The factor downstream of Sirt1/2, which promotes oligodendrocytic fate decisions, remains to be identified. Previous work has linked Sirt1 activity to Hes1 (Hisahara et al, 2008), Hes5 (Hisahara et al, 2008), and Mash1 expression (Prozorovski et al, 2008; Zhang et al, 2011). Given the importance of Hes5 in inhibiting oligodendrocyte differentiation (Liu et al, 2006), it will be of great importance to investigate the roles of these factors downstream of Nampt. Our results reveal that ablation of Nampt specifically reduced the proportion of NSPC-generated Pdgfrα+ OPCs as well as the transcription of Pdgfrα, Sox10, and Nkx2.2, but upregulated the expression of p21. One main regulator of these factors is the basic helix-loop-helix transcription factor Olig2 (Takebayashi et al, 2002; Zhou & Anderson, 2002; Ligon et al, 2007; Wegner, 2008). Olig2 is expressed in almost all (95–97%) of neurosphere cells and is necessary and sufficient to specify OPCs from the SVZ (Hack et al, 2004, 2005; Menn et al, 2006). Intriguingly, the number of Olig2+ cells in the SVZ decreases with age (Bouab et al, 2011). Recent work has shown that Olig2 competes with p53 for binding to an important coregulator that regulates p53 acetylation (Mehta et al, 2011; Sun et al, 2011). As Sirt1 and Sirt2 can deacetylate p53 (Polager & Ginsberg, 2009; van Leeuwen et al, 2013), it will be interesting to investigate the NAD+ dependence of Olig2 activity.

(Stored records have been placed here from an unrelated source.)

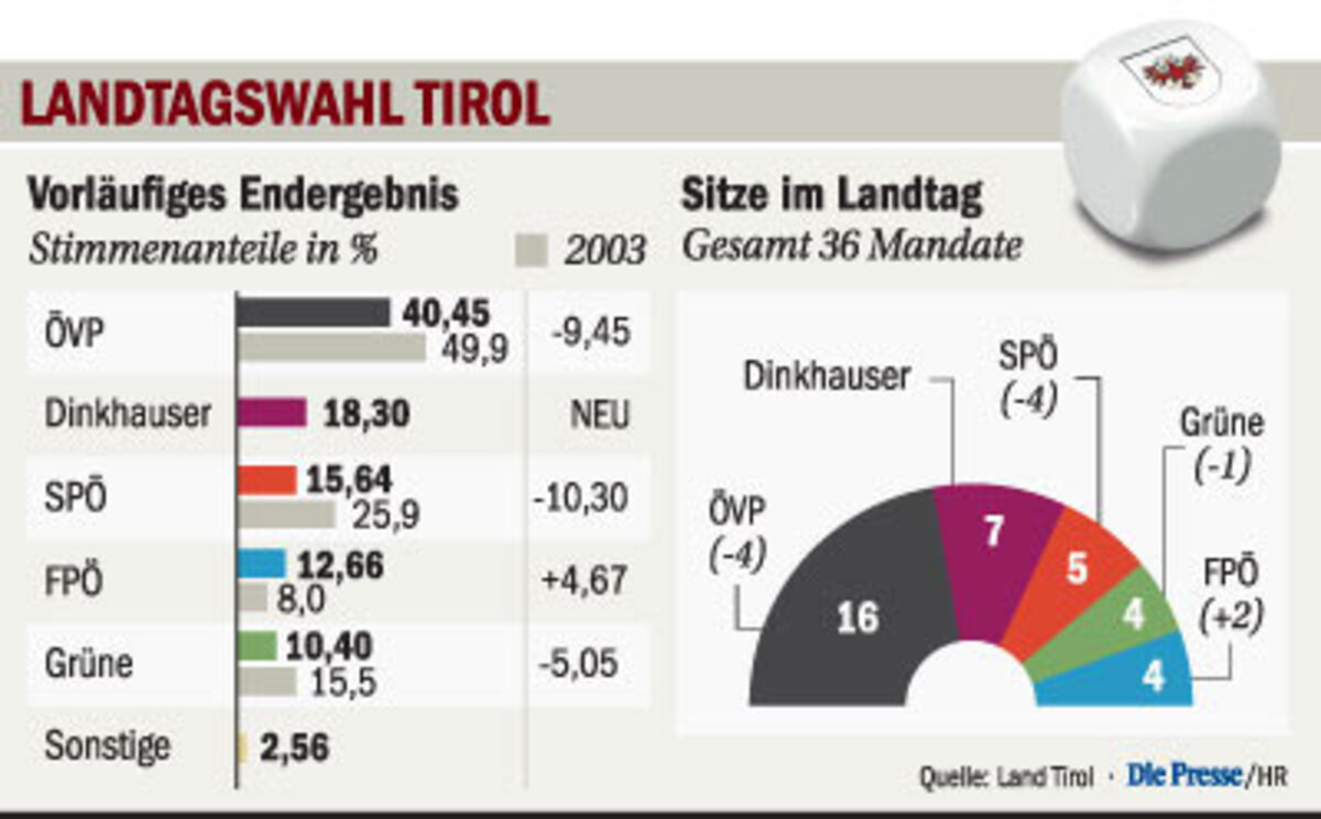 In der ÖVP gibt man sich gelassener: Vizekanzler und ÖVP-Obmann Wilhelm Molterer hingegen hat das Abschneiden der Volkspartei bei den Tiroler Landtagswahlen als "respektables Ergebnis" bezeichnet. Die Tiroler Volkspartei habe "hart gekämpft und konnte die Wähler in Tirol mobilisieren", meinte der Finanzminister. Das Antreten des ehemaligen Tiroler AK-Präsident Fritz Dinkhauser mit einer eigenen Liste habe "die Tiroler verunsichert und die ÖVP belastet", suchte er Ursachen für die starken Verluste seiner Partei. Für Molterer habe die ÖVP aber "trotz der Abspaltung Dinkhausers" ihren "Führungsanspruch in Tirol" erfolgreich verteidigen können.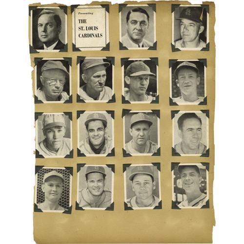 <B>1941 St. Louis Browns (W753) and St. Louis Cardinals (W754) Team Issues.</B></I> Measuring approximately 2.25x2.75", these unnumbered sets of cards feature the American League and National League ballclubs representing the Gateway City. The St. Louis Browns issue is short one card (29/30); while the St. Louis Cardinals issue is complete (30/30) and includes notables Branch Rickey, Enos Slaughter and Johnny Mize. Most of the cards grade EX/MT or better, with just a few displaying minor toning.<BR><BR><b>Shipping:</b> Flat Material, Small (<a target="_blank" href="http://www.heritageauctions.com/common/shipping.php">view shipping information</a>)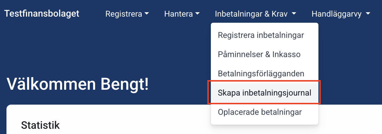 När betalningar har registrerats behöver ni skapa ett underlag för er bokföring. Detta gör ni under menyvalet Inbetalningar & krav --> Skapa inbetalningsjournal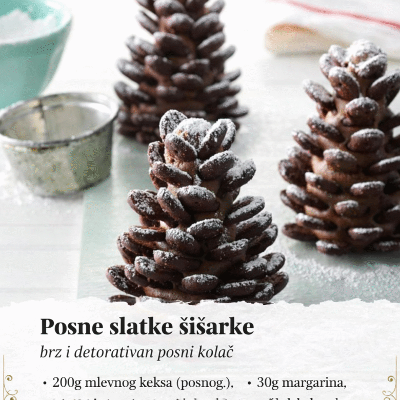 Sastojci za posne slatke šišarke: 200g mlevnog keksa (posnog,) 30g margarina, 4 kašike meda, 2 vanilin šećera, 3 kašike kakaoa, 6 kašika pekmeza od kajsija ili drugog po izboru, aroma ruma po ukusu. Posne slatke šišarke se pripremaju na sledeći način: U maloj šerpici rastopite margarin, te mu dodajte med i promešajte. U odgovarajuću posudu sipajte mleveni keks, pa …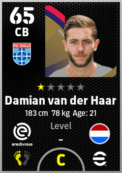. Damian Van Der Haar is a Center Back footballer from Netherlands who plays for Pec Zwolle in eFootball 2026.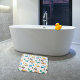 The bathmat is very easy to clean and dry, and feels lovely to stand on. Excellent size as well! The printing is beautiful and the colours vibrant! Much nicer than I expected!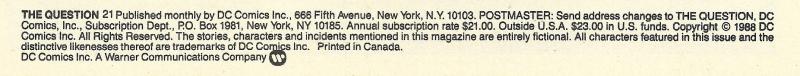 The Question [Vic Sage]; Aristotle Rodor (guest); Izzy O'Toole (guest); Junior Musto (villain); Benno Musto (villain, death)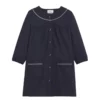 La blouse d’école fille MAYLIS est disponible en bleu ciel, bleu marine et rose. Un biais contraste vient agrémenter l’encolure et le dessus des poches.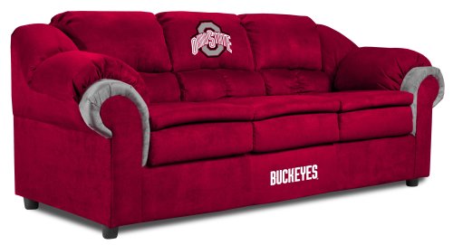 Bring the tailgating party home and watch every Buckeyes game on TV sitting on this soft, comfortable, and durable Buckeyes sofa. Perfect for any family room, living room, or office, you'll be the envy of your friends and your team's most loyal fan. Officially licensed, this sofa features an easy-to-clean microfiber suede fabric in the Buckeyes team colors. Soft poly cushions have an attached Dacron fiber wrap with 1.4 density foam and 32-pound compression. The sofa also features a sturdy engineered hardwood frame and a comfortable, no-sag wire suspension.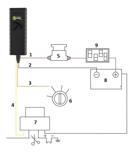 4 - Kabel sterujący przekaźnikiem (włącz / wyłącz zasilanie np: pompy paliwa)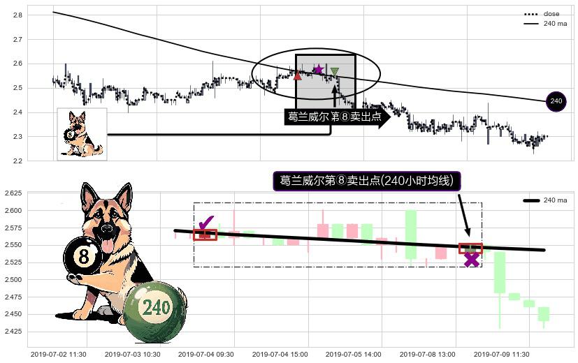 ⚀ 2019-07-08 14:00:00-小时显现 葛兰威尔均线 240小时均线 第⑧卖出点 下降趋势的中继信号,后市看跌,卖出信号

Identifying Nampt as a critical regulator of NSPC proliferation, self-renewal, and differentiation highlights the intimate link between stem cell metabolism and cell fate (Folmes et al, 2012; Zhang et al, 2012). Like loss of Nampt, inhibition of mitochondrial fatty acid oxidation impairs stem cell self-renewal decisions (Ito et al, 2012) and abrogation of de novo lipogenesis impairs NSPC proliferation (Knobloch et al, 2013). However, manipulations of other metabolic pathways can present very differently from loss of Nampt. For example, ablation of endogenous cholesterol production in NSPCs results in massive apoptosis of newborn neurons without affecting cell death or proliferation in the NSPCs themselves (Saito et al, 2009). And, mitochondrial inhibition alters NSPC neuronal lineage fate decisions without affecting the astrocytic or oligodendrocytic lineages (Voloboueva et al, 2010). Thus, our work supports the notion that cellular metabolism regulates NSPC functionality, but that alteration of each metabolic pathway generates specific effects.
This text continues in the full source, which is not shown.